A couple of years ago I made what could be considered a “gold mine” find.
Stuffed away in a basement bin were a series of crumpling audio cassettes of lessons I had recorded with my late guitar teacher, Lou, dating back to the late 1980s. I feared trying to play them because of their visible frailty. But thanks to the help of a gifted audiophile friend, I was able to transfer each of the tapes―roughly eight hours in total―to digital files, thus ensuring their preservation and access.
Finding the tapes was a classic “OMG” moment. Listening to them has been nothing short of enlightening. It’s been an opportunity to revisit my lessons and the essence of the instruction I received from a long-lost master—a man I greatly admired and loved as a friend. Listening to the tapes, it’s amazing to recall Lou’s original guidance and hear it delivered in his inimitable style. (It’s more amazing to learn how much I forgot!)
So who was Lou?
That would be Lou Sosa―a master guitarist, teacher, painter, collector, philosopher, and entrepreneur. Lou was your classic little Italian-American guy from Brooklyn. He was a top New York-area jazz guitarist in the 50s and 60s (albeit largely unheralded) and a close friend of players like Chuck Wayne and Wes Montgomery. Lou was a fan of great guitarists across musical genres. He often talked enthusiastically about players ranging from Andres Segovia to Larry Carlton.
Sadly, Lou’s days were dwindling at the time I studied with him. He was dying of cancer. What’s more, his hands were wrenched with arthritis. He had difficulty forming chords and playing lines. He would visibly and audibly grimace every time he played. It never stopped him from teaching his devoted students.

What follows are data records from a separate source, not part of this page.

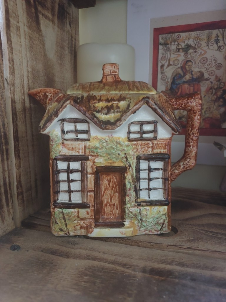 Unfortunately, as my Nan died suddenly of Coronavirus in early 2021, and I was unable to retrieve many of her belongings due to Covid travel restrictions, I was unable to save her cottage teapot. And my mother’s own pot supposedly broke a few months before she passed away on Summer Solstice 2012. This has led to me purchasing my own cute little vintage teapot – you can find dozens and dozens on eBay and Etsy for an absolute steal!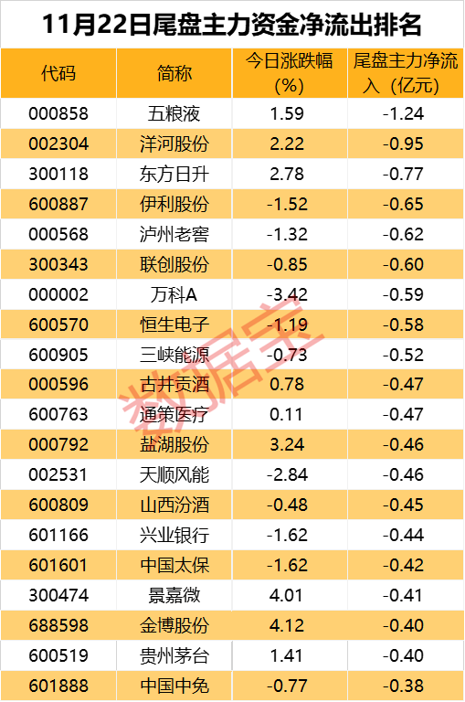 泸州老窖、伊利股份、东方日升、洋河股份、五粮液的尾盘资金净流出额居前。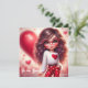 Tecknad blyg valentin dag sassy flicka med rött hj julkort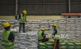 Pekerja mengakut beras BULOG di Kompleks pergudangan modern Perum BULOG, Kelapa Gading, Jakarta, Sabtu (30/12/2023). (FOTO : Republika/Prayogi)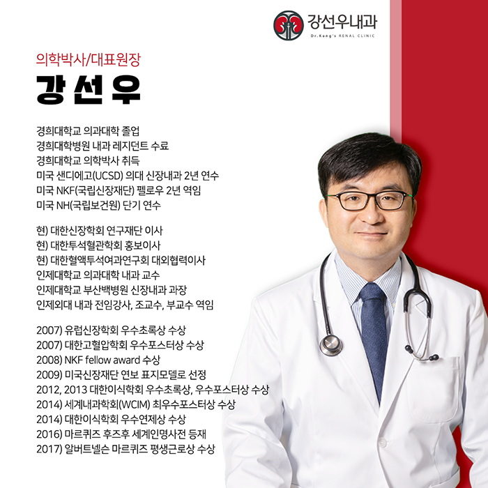 강성우내과는 17년 이상 임상경험을 가진 의학박사 대표원장이 직접 진료하고 있기 때문에 섬세한 치료계획 및 질환개선에 많은 도움을 받을 수 있을 것으로 사료됩니다.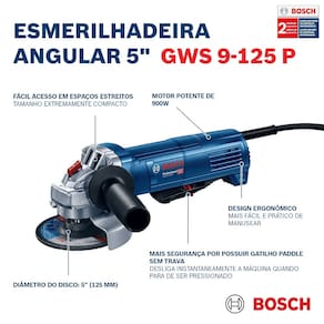 A esmerilhadeira angular Bosch GWS 9-125 P, possui 900 Watts de potência, 127 V e é a solução ideal para realização de cortes e desbastes em materiais metálicos, como ferro e aço, e também pode ser utilizada para corte em alvenaria e concreto. A esmerilhadeira angular Bosch GWS 9-125 P conta com capa de proteção de 125mm, com sistema de fixação por meio de parafuso, que garante que a capa não se desloque em caso de rompimento do disco, dando mais segurança ao operador da ferramenta. Conta também com empunhadura auxiliar traz mais conforto durante o uso. Seu formato ergonômico e o peso reduzido de 1,7 kg permite trabalhos mais longos e facilita aplicações em locais menores e de difícil acesso.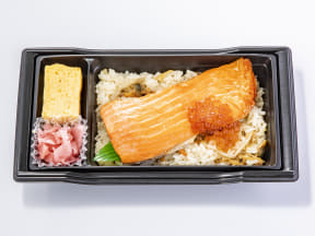 特徴: グランスタ東京限定。鮭ハラミ白醤油焼といくら醤油漬が楽しめる親子弁当。ご飯は山形県産米つや姫のあさり炊き込みご飯。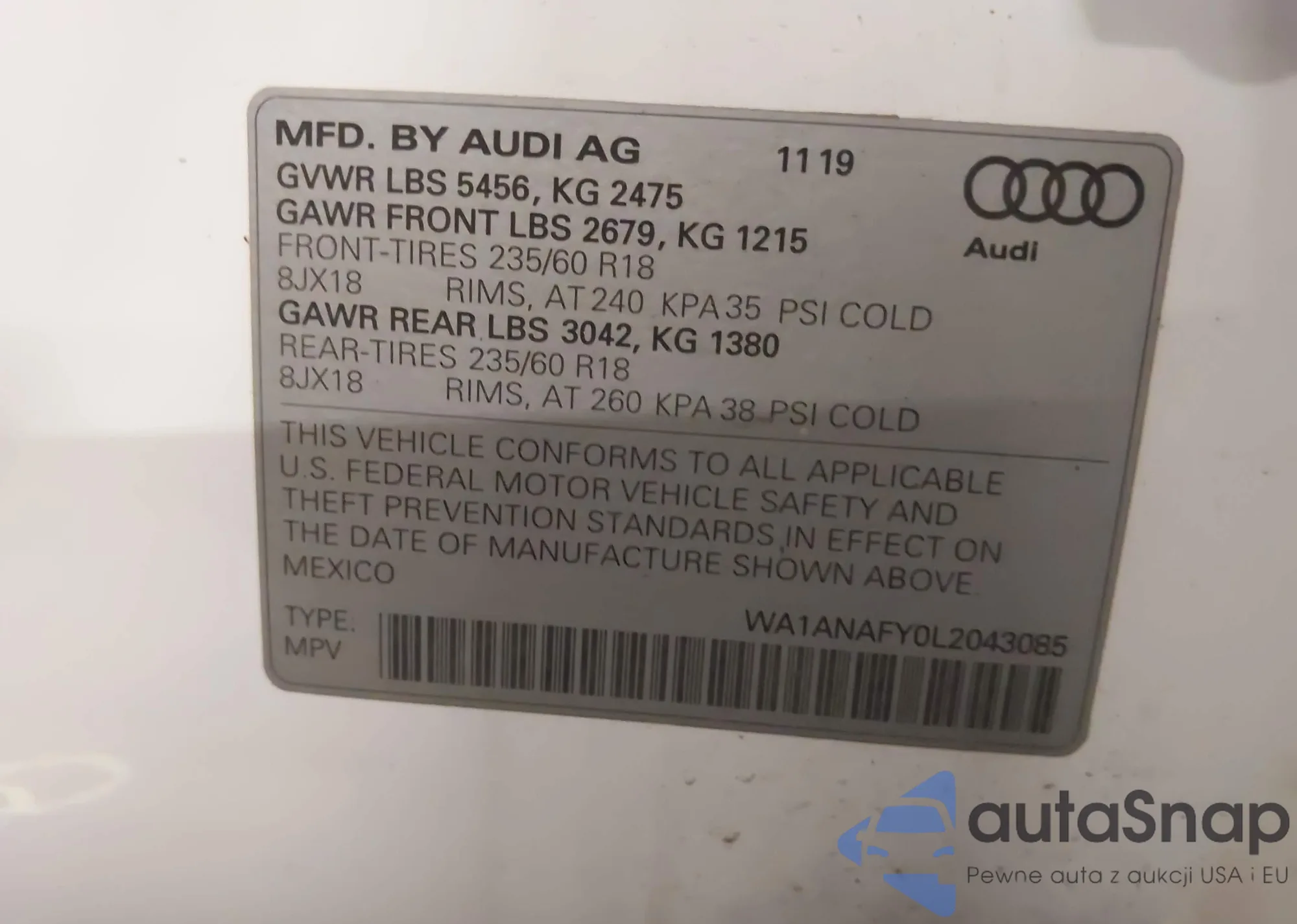 • VIN: WA1ANAFY0L2043085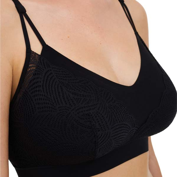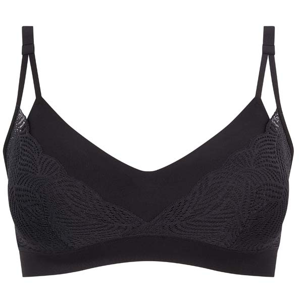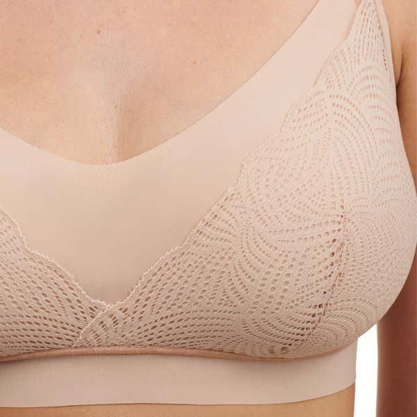 - Naadloze bralette zonder beugel met uitneembare voorgevormde cups.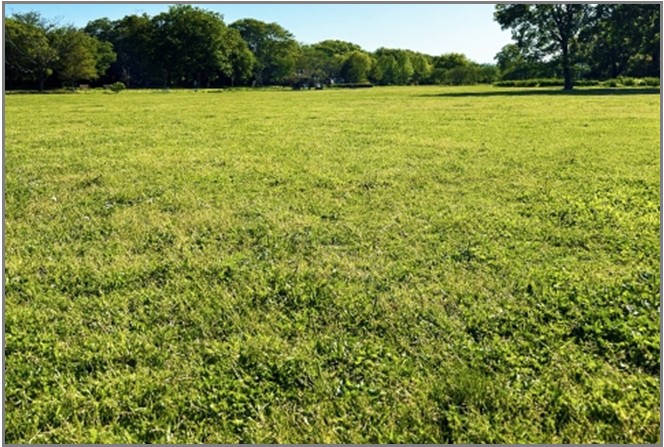 実際、自分の足元の芝は、タテに生えているので、土の「黒さ」が色濃く見えます。

Lou spiced up his guitar instruction with examples outside the world of music that were directly or indirectly applicable to it. He was a master of the analogy. One philosophy that I rediscovered listening to The Lou Sosa Tapes related to what he called “breath control” for guitarists.
In one particular lesson from 1989, we were focused on single-string lead playing, which he preferred to simply call picking. Months earlier we had worked on all the foundational modes, scales, and arpeggios. Now it was time to put it all together in creating melodic lines.
Lou’s instruction focused on a key thought: soloing was like “telling a story” through the instrument. The notes at your disposal in a given key were your vocabulary. Lou said, “use those ‘words’ to tell a story. And, very important, don’t forget to breathe.”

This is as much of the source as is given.